As described above, the optical head device of the present invention comprises a light source for irradiating a light beam to an information carrier, and a light beam disposed between the light source and the information carrier and reflected by the information carrier. And a reflected light beam separated by the light splitter are incident on the light beam splitter. An optical element having a diffraction grating, a first photodetector for detecting a light beam diffracted by the optical element, and a second photodetector for detecting a light beam transmitted through the optical element; The control signal for auto-focusing and auto-tracking is detected by the first photodetector, and the information signal recorded on the information carrier is detected by the second photodetector. ) Mutual leakage between the control signal and the information signal for autofocus and autotracking is reduced.

(2) The signal processing after the photodetector can be simplified.

[Brief description of the drawings]

FIG. 1 is a configuration diagram showing a reference example serving as a basis of an embodiment of an optical head device according to the present invention.

FIG. 2 is a diagram illustrating the optical element of FIG. 1;

FIG. 3 is a diagram illustrating the principle of autofocus in the present invention.

FIG. 4 is a diagram illustrating the principle of autofocus in the present invention.

FIG. 5 is a diagram illustrating the principle of auto tracking according to the present invention.

FIG. 6 is a diagram showing the principle of auto tracking according to the present invention.

FIG. 7 is a diagram illustrating the principle of auto tracking according to the present invention.

FIG. 8 is a diagram illustrating a method for manufacturing an optical element used in the present invention.

FIG. 9 is a view illustrating a method of manufacturing an optical element used in the present invention.

FIG. 10 is a diagram illustrating a method for manufacturing an optical element used in the present invention.

FIG. 11 is a diagram illustrating a method of manufacturing an optical element used in the present invention.

FIG. 12 is a configuration diagram showing a reference example serving as a basis for an embodiment of the optical head device of the present invention.

FIG. 13 is a configuration diagram showing an embodiment of the optical head device of the present invention.

FIG. 14 is a configuration diagram showing another reference example serving as a basis for an optical head device according to an embodiment of the present invention.

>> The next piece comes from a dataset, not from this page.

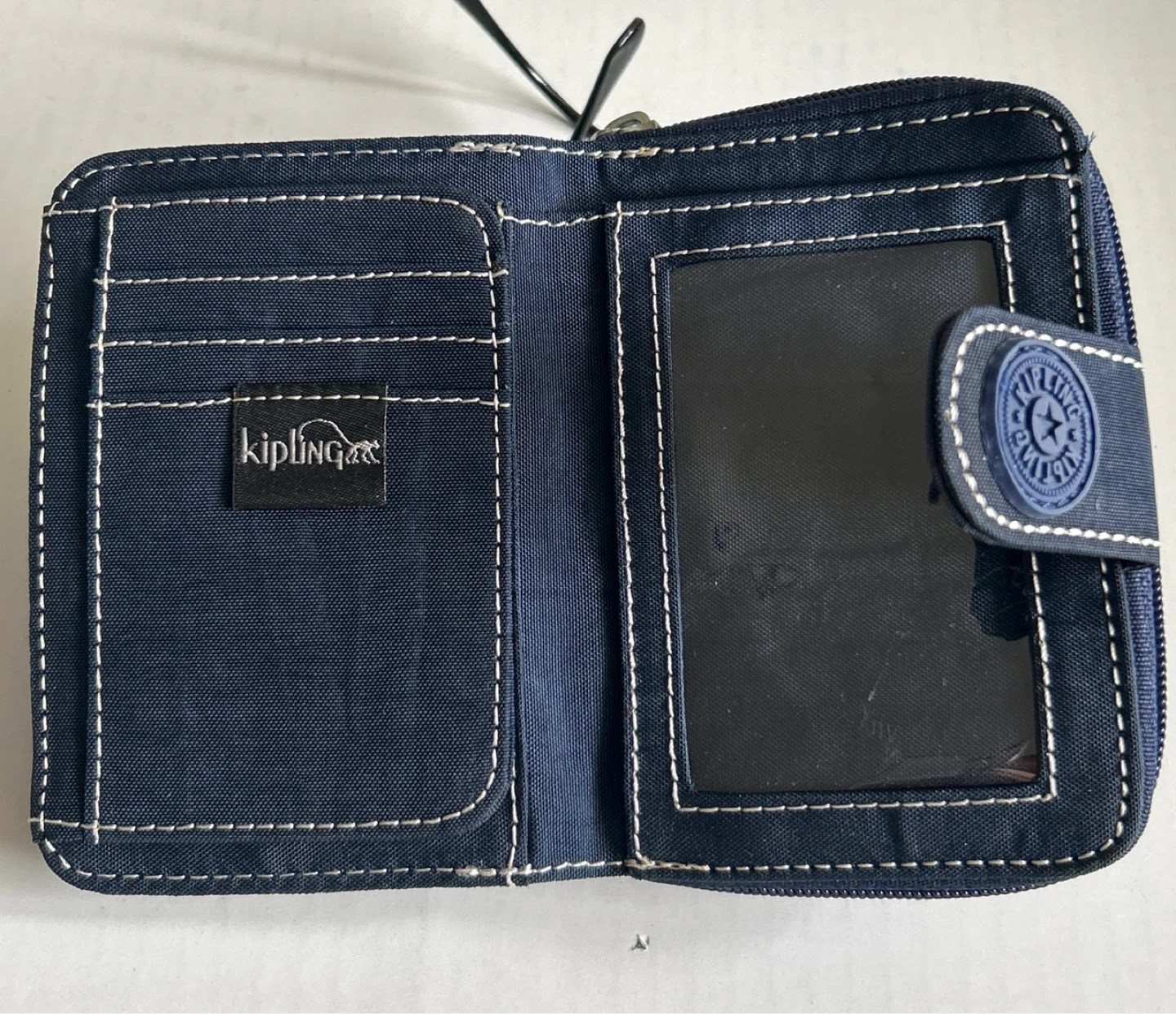 Selling a Kipling wallet in navy blue.
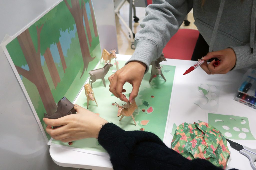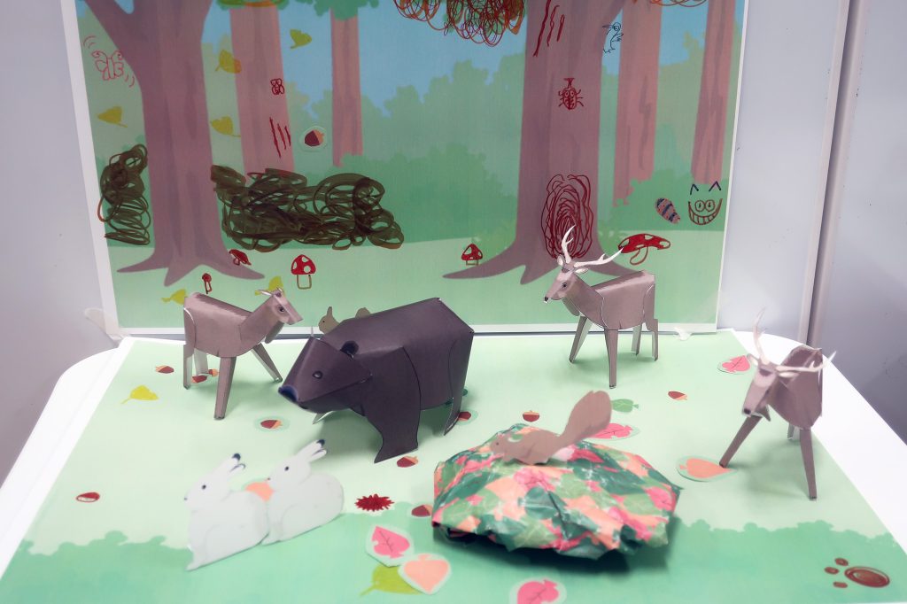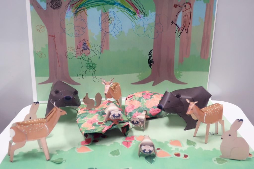 エゾヒグマやエゾタヌキ、エゾシカなどの森に棲むどさんこの生き物たちのペーパークラフトを作り、それを森の背景の中に置いてみながら森の生態系について考えてみるワークショップです。

FIG. 15 is a configuration diagram showing a conventional optical head device.

[Explanation of symbols]

 DESCRIPTION OF SYMBOLS 1 Semiconductor laser 4 Polarization beam splitter 5 Objective lens 6 Information recording surface 7 Optical element 9, 30 Photodetector 28 Analyzer

 ──────────────────────────────────────────────────続 き Continuation of the front page (56) References JP-A-61-151844 (JP, A) JP-A-61-162839 (JP, A) JP-A-61-178740 (JP, A) JP-A-61-178740 230634 (JP, A) Actually open sho 61-203427 (JP, U)

Claims (1)

(57) [Claims] 1. A light source for irradiating a light beam to an information carrier, and a light splitter disposed between the light source and the information carrier for separating a light beam reflected by the information carrier from a light beam emitted from the light source An optical element having a diffraction grating on which the reflected light beam split by the light splitter is incident; a first photodetector for detecting the light beam diffracted by the optical element; and a light beam transmitted through the optical element And a control signal for auto-focusing and auto-tracking is detected by the first photo-detector.
An optical head device wherein an information signal recorded on the information carrier is detected by the photodetector.